Court Opinion

ID: 4244462
Source: CourtListenerOpinion
Date Created: 2018-02-12 21:00:30.170036+00
Date Added: 2024-06-11T14:16:22.897431
License: Public Domain

NOT FOR PUBLICATION                           FILED
                    UNITED STATES COURT OF APPEALS                        FEB 12 2018
                                                                      MOLLY C. DWYER, CLERK
                                                                       U.S. COURT OF APPEALS
                           FOR THE NINTH CIRCUIT

ALASKA OIL AND GAS ASSOCIATION;                 No.    16-35380
et al.,
                                                D.C. Nos.    4:14-cv-00029-RRB
                Plaintiffs-Appellees,                        4:15-cv-00002-RRB
                                                             4:15-cv-00005-RRB
 v.

WILBUR ROSS,** U.S. Secretary of                MEMORANDUM *
Commerce; et al.,

                Defendants-Appellants,

and

CENTER FOR BIOLOGICAL
DIVERSITY,

                Intervenor-Defendant.

ALASKA OIL AND GAS ASSOCIATION;                 No.    16-35382
et al.,
                                                D.C. Nos.    4:14-cv-00029-RRB
                Plaintiffs-Appellees,                        4:15-cv-00002-RRB
                                                             4:15-cv-00005-RRB
 v.

      *
             This disposition is not appropriate for publication and is not precedent
except as provided by Ninth Circuit Rule 36-3.
      **
             Wilbur Ross is substituted for his predecessor, Penny Pritzker, as U.S.
Secretary of Commerce. Fed. R. App. P. 43(c)(2).
WILBUR ROSS,** U.S. Secretary of
Commerce; et al.,

                Defendants,

and

CENTER FOR BIOLOGICAL
DIVERSITY,

      Intervenor-Defendant-
      Appellant.

                   Appeal from the United States District Court
                            for the District of Alaska
                   Ralph R. Beistline, District Judge, Presiding

                     Argued and Submitted December 4, 2017
                      Submission Vacated December 5, 2017
                         Resubmitted February 12, 2018
                              Seattle, Washington

Before: TALLMAN and WATFORD, Circuit Judges, and BOULWARE,***
District Judge.

      This appeal arises from the National Marine Fisheries Service’s (“NMFS”)
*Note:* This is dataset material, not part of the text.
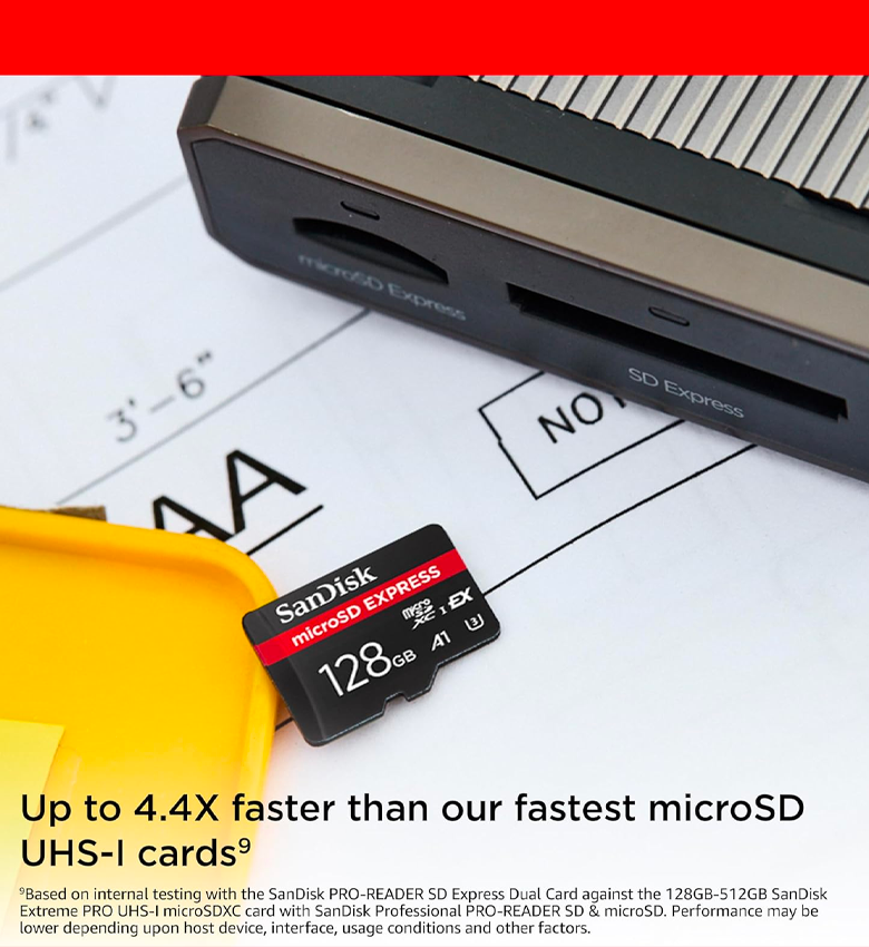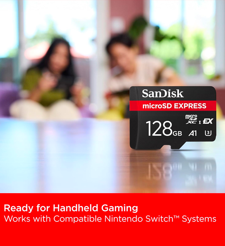 SanDisk MicroSD Express, 128 Go Carte Mémoire, Vitesse de Lecture/Écriture Jusqu'à 880/480 Mo/s, 4,4 Fois Plus Rapide Que Nos Cartes Class 10, U3 - Compatible Nintendo Switch 2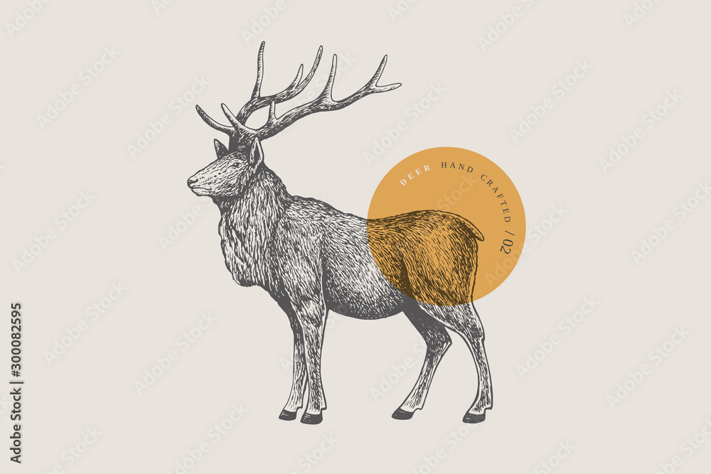 Obraz na plátně Hand drawing of a forest deer on a light background

decision to list the Arctic subspecies of the ringed seal (the Phoca hispida hispida)

as threatened under the Endangered Species Act (“ESA”). The NMFS and other

defendants (collectively “Defendants”) appeal the district court’s grant of summary

judgment in favor of Alaska Oil and Gas Association and other plaintiffs

      ***
              The Honorable Richard F. Boulware II, United States District Judge
for the District of Nevada, sitting by designation.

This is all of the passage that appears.